The first major survey of Yayoi Kusama’s work in Britian

In 2000, the Serpentine presented the first major survey of Yayoi Kusama’s work in Britain. The exhibition included paintings, collages, watercolours, sculptures, documentations of performances and films all of which explored Kusama’s obsession with dots, nets, food and sex.

The centrepiece of the exhibition was a re-interpretation of her 1966 landmark work, The Driving Image in which the surfaces of mannequins and household furnishings are entirely covered in her vibrant signature patterns and posed on a bed of broken macaroni.

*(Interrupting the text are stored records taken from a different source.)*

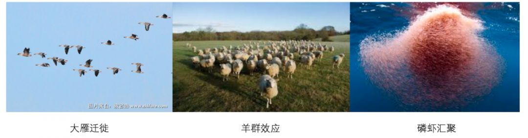 二是自下而上自组织的群智涌现,群体可以涌现出个体不具有的新属性,而这种新属性正是个体之间综合作用的结果。在科学理论中,1+1大于2,或者1xN>N的情况非常普遍。自然界中微观个体之间相互作用,往往不是简单线性关系的叠加,而是复杂非线性动态过程的迭代,从而使自然界呈现出复杂系统所展现出的不可推导性和不可预测性。“涌现”已被认为是与演绎、归纳相提并论的第三种智能产生范式。因此,对于群智现象,我们既要从宏观生物表现出的群智水平加以分析,又要从微观个体中对群智涌现的机理追根溯源。例如,科学家受到蚁群觅食、蚁群搬家群等这类群智行为的启发,创建了ACO(Ant colony optimization)即蚁群优化算法,该算法现被广泛应用到经济、社会等各个方面。此外,蜂群、鸟群、磷虾群等,都可以通过遵循简单的行为规则,涌现出宏观上复杂的智能行为,如大雁迁徙、羊群效应、磷虾汇聚等,通过分析这些群智行为的机理所产生的理论,广泛应用于经济、社会等学科。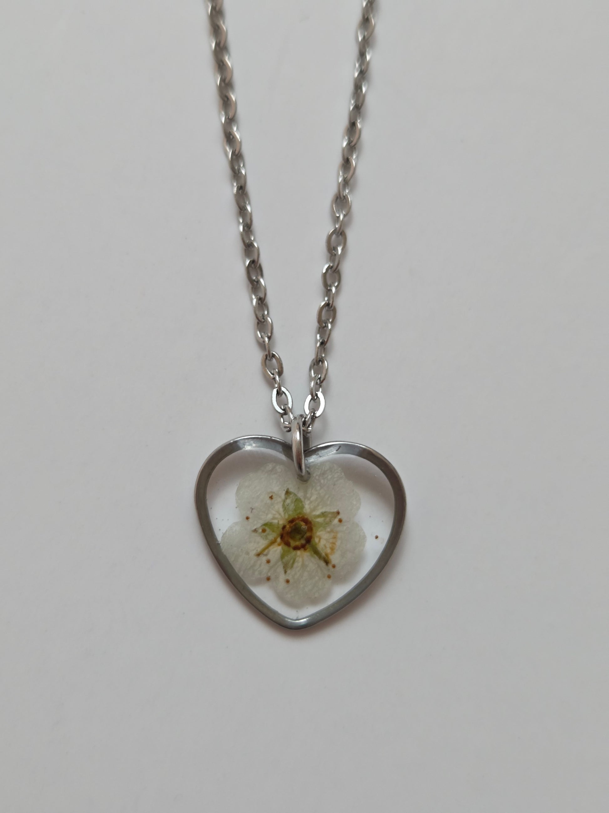 Halskette mit weißer Blume in herzförmigen Anhänger handgegossen mit Harz. Die Blume wurde von mir gepflückt, getrocknet und in liebevoller Handarbeit in diesen wunderschönen Kettenanhänger verewigt.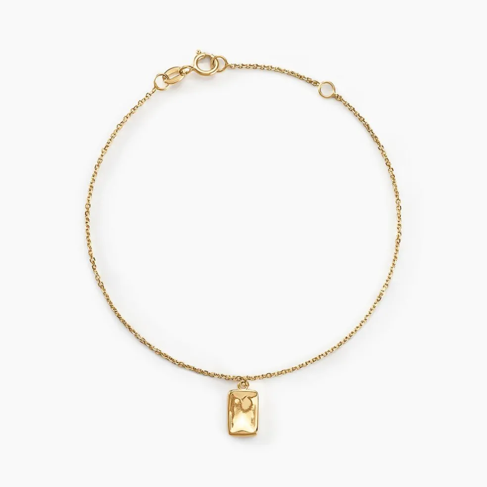 Bracelet Or Jaune 375/1000 Plaque Rectangle Martelee 8.5mm X 5mm Maille Jaseron Alternee Boules 16+2cm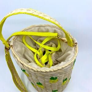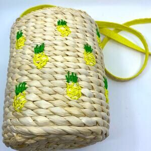 Rachel Ashwell Straw Rattan Jute Pineapples Bucket Crossbody Shoulder Bag Tote Purse Handbag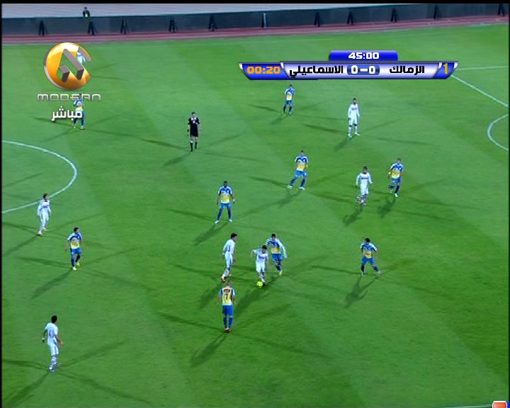 انتهى الشوط الاول فى مباراه الاسماعيلى والزمالك بتعادل سلبى بين الفريقين فى شوط سيطر فيه الزمالك سيطره شبه كامله وسط استسلام من لاعبى الاسماعيلى بسبب الخطه والتشكيل السيئين للكابتن صبرى المنياوى المدير الفنى للاسماعيلى .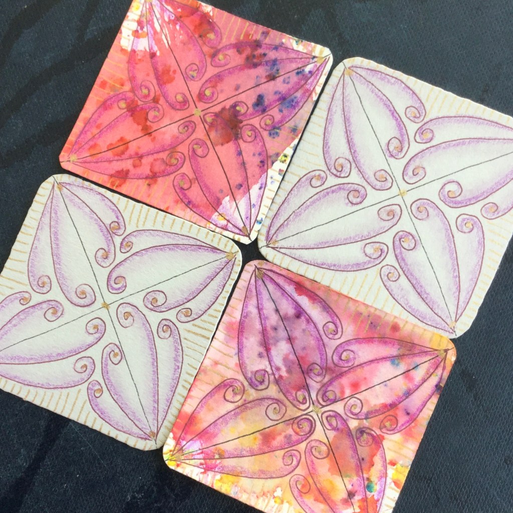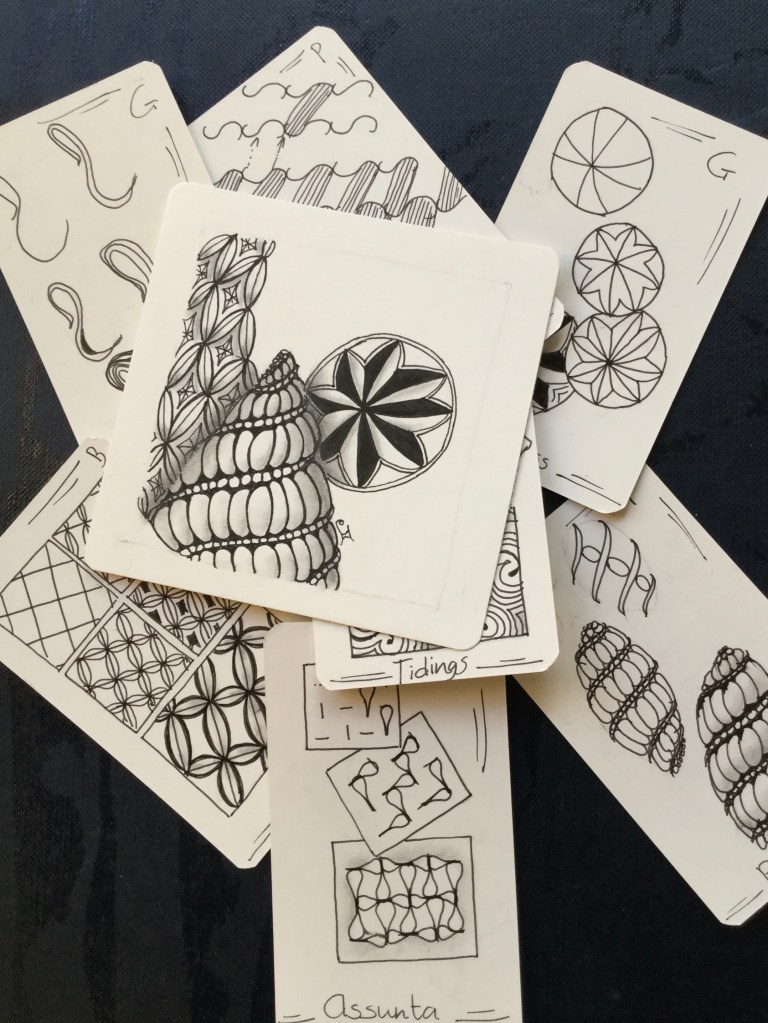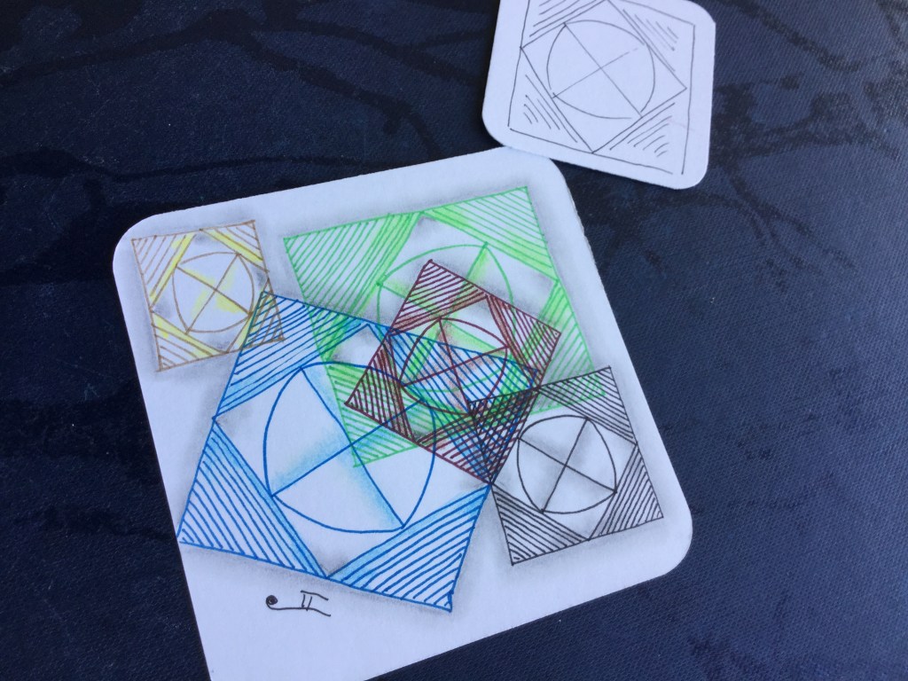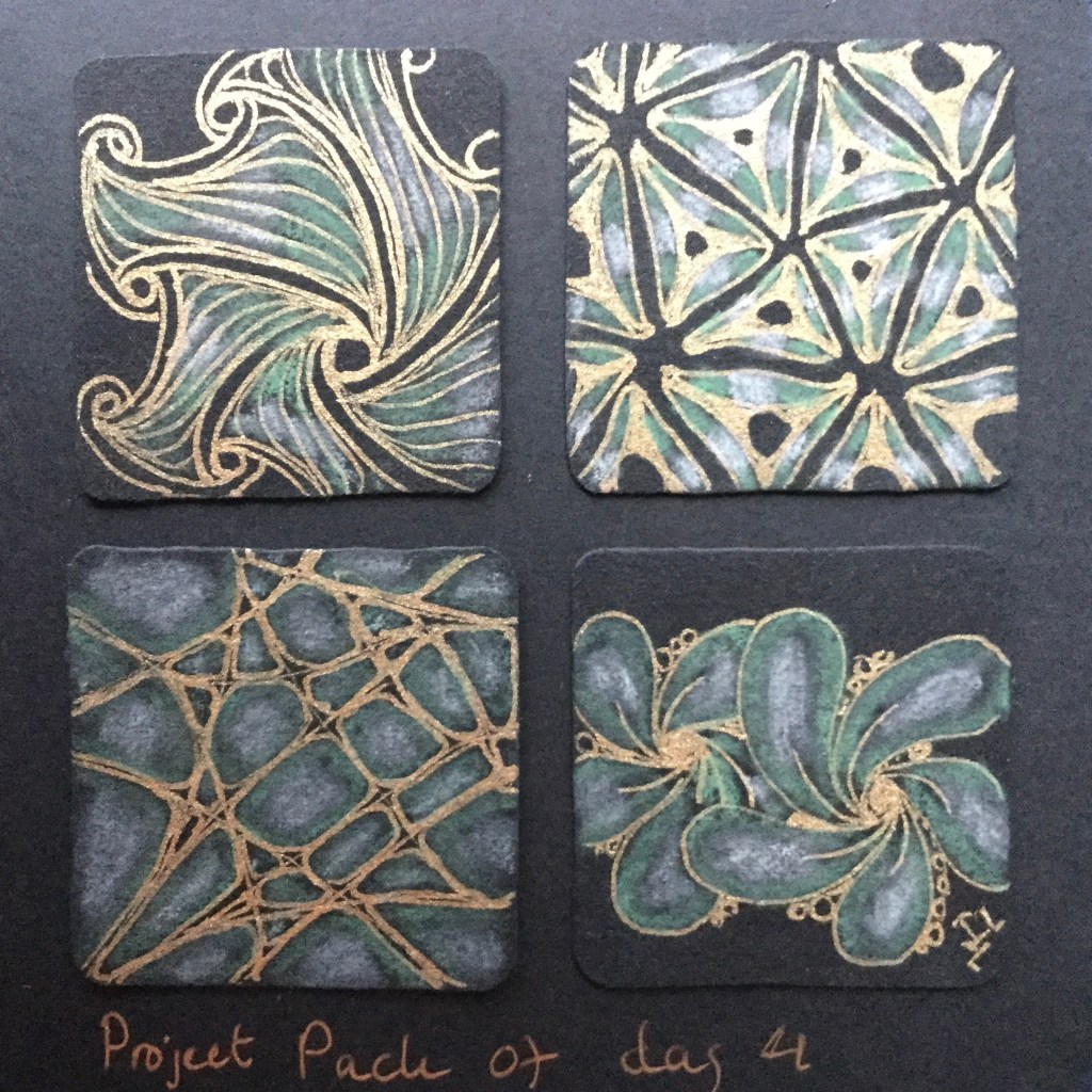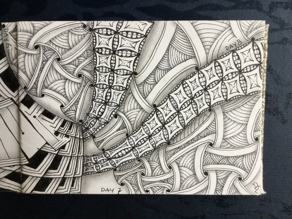 Dag 6 was op bijou-tiles; dit is een klein formaat en vierkant. Er werden 4 bijou’s aan elkaar geplakt (uiteraard aan de achterkant), waarna een patroon is getekend. Als je dit hierna losmaakt en de tiles draait, krijg je weer een heel ander effect. Zo leuk!

Other works in the exhibition included a lifesize rowboat and roomsize snake covered in stuffed and painted phallic protrusions, an interactive, inflatable painting and a peep show filled with mirrors that generated an endlessly changing kaleidoscopic lightshow.

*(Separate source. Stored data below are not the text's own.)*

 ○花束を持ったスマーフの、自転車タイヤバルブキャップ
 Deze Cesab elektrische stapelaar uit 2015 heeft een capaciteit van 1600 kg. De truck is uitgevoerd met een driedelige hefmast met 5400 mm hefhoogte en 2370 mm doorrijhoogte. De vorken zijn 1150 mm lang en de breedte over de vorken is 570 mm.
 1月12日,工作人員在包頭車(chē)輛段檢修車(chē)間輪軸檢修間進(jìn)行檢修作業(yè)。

As Laura Hoptman wrote in the exhibition guide: In 1964 Kusama was able to realise her dream of a full-blown environment at the Richard Castellane Gallery in New York. Called Driving Image Show, the exhibition consisted of ‘Accumulation’ furniture set up in a living room tableau complete with mannequins covered in dry macaroni, an enormous rowboat encrusted with barnacle like phalli and propped on its stern against the wall, and phallus covered clothes. Although a common strategy for artists of the 1980s and 90s, in 1964, room sized environments where the audience participated in the work of art by walking in to it were exceedingly rare. By all accounts the environment caused a season-long sensation.

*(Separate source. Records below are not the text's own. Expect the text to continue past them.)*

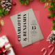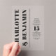 Featuring sleek vertical text and minimalist design, this bold wedding invitation exudes modern elegance. Its contemporary aesthetic highlights clean lines and typography, making it the perfect choice for couples seeking a sophisticated yet minimalist announcement. This striking design offers a modern twist on classic wedding stationery.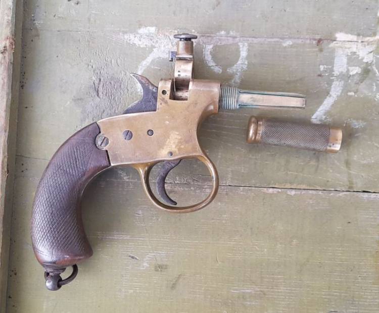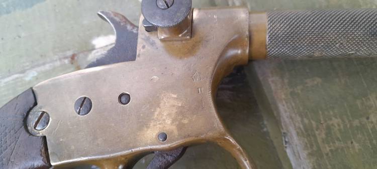 Rarissima pistola accenditore britannica ´Igniter´. Veniva fornita ai Royal Engineers e alla Royal Navy per accendere la miccia nei lavori di brillamento e demolizione. Fu prodotta dal 1880 al 1915 circa. La parte esterna della canna veniva svitata e la miccia veniva fatta passare attraverso di essa, per poi essere riavvitata.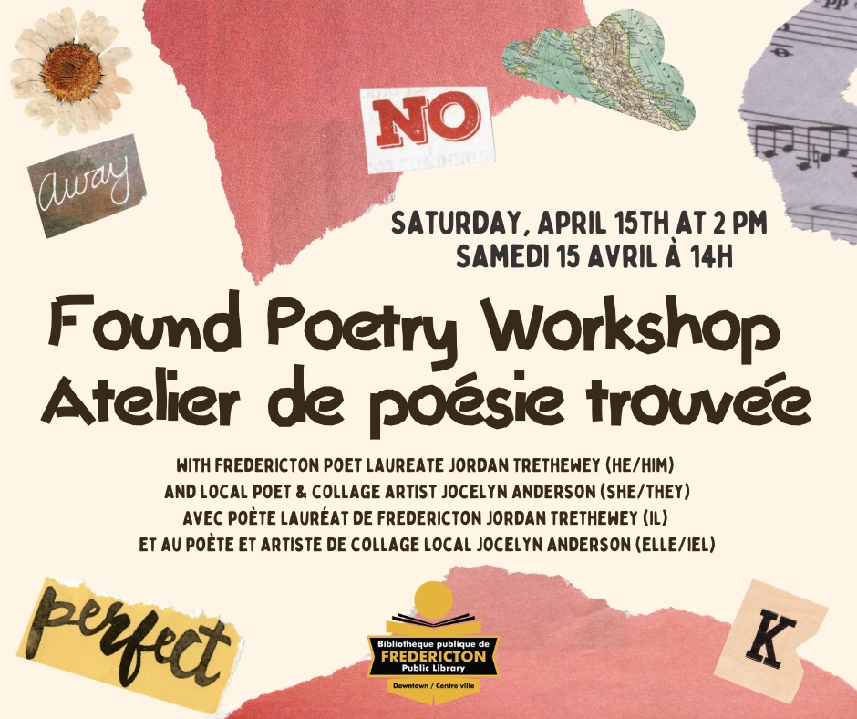 Join Fredericton Poet Laureate Jordan Trethewey (he/him) and local poet & collage artist Jocelyn Anderson (she/they) at 2:00 PM on Saturday, April 15th for a Found Poetry Workshop in the Hub!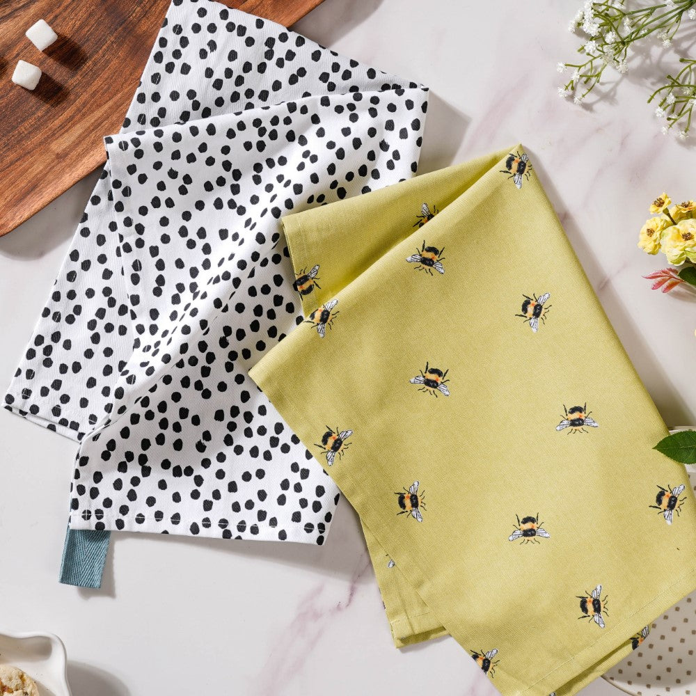 Dots and Bees Printed Cotton Tea Towel Of 2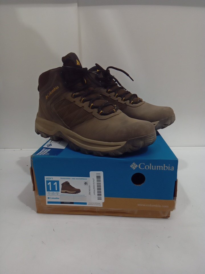 mens columbia transverse hike waterproof boot - size 11 - green/beige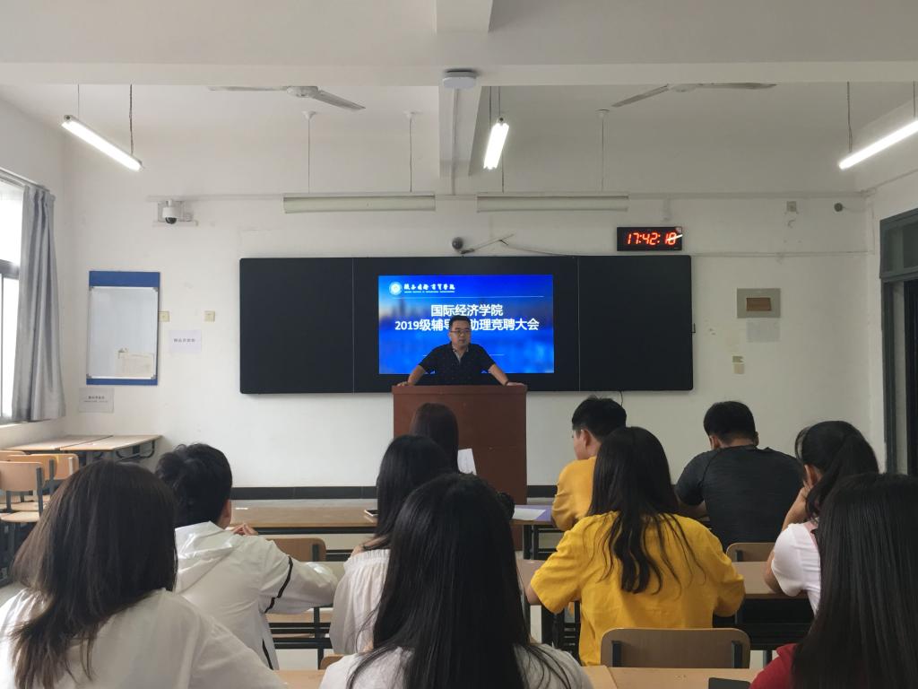 为更好服务2019级新生,帮助新同学们尽快适应大学生活,充分发挥朋辈帮扶作用,9月3日下午17:30,我院在2J418多媒体教室举行2019级新生辅导员助理竞聘大会。学生科科长荣超、2019级新生辅导员李义玲、团学主要学生干部担任评委并参加了竞聘大会。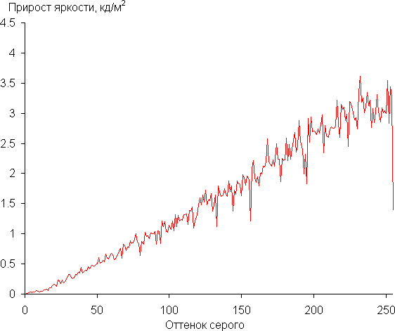 Далее мы измерили яркость 256 оттенков серого (от 0, 0, 0 до 255, 255, 255). График ниже показывает прирост (не абсолютное значение!) яркости между соседними полутонами:

Born in 1929 in Matsumoto, Japan, Yayoi Kusama came to international attention in 1960s New York for a wide-ranging creative practice that has encompassed installation, painting, sculpture, fashion design and writing. The artist has been the subject of monographic exhibitions around the world. Since the 1970s Kusama has lived in Tokyo, where she continues to work prolifically and to international acclaim.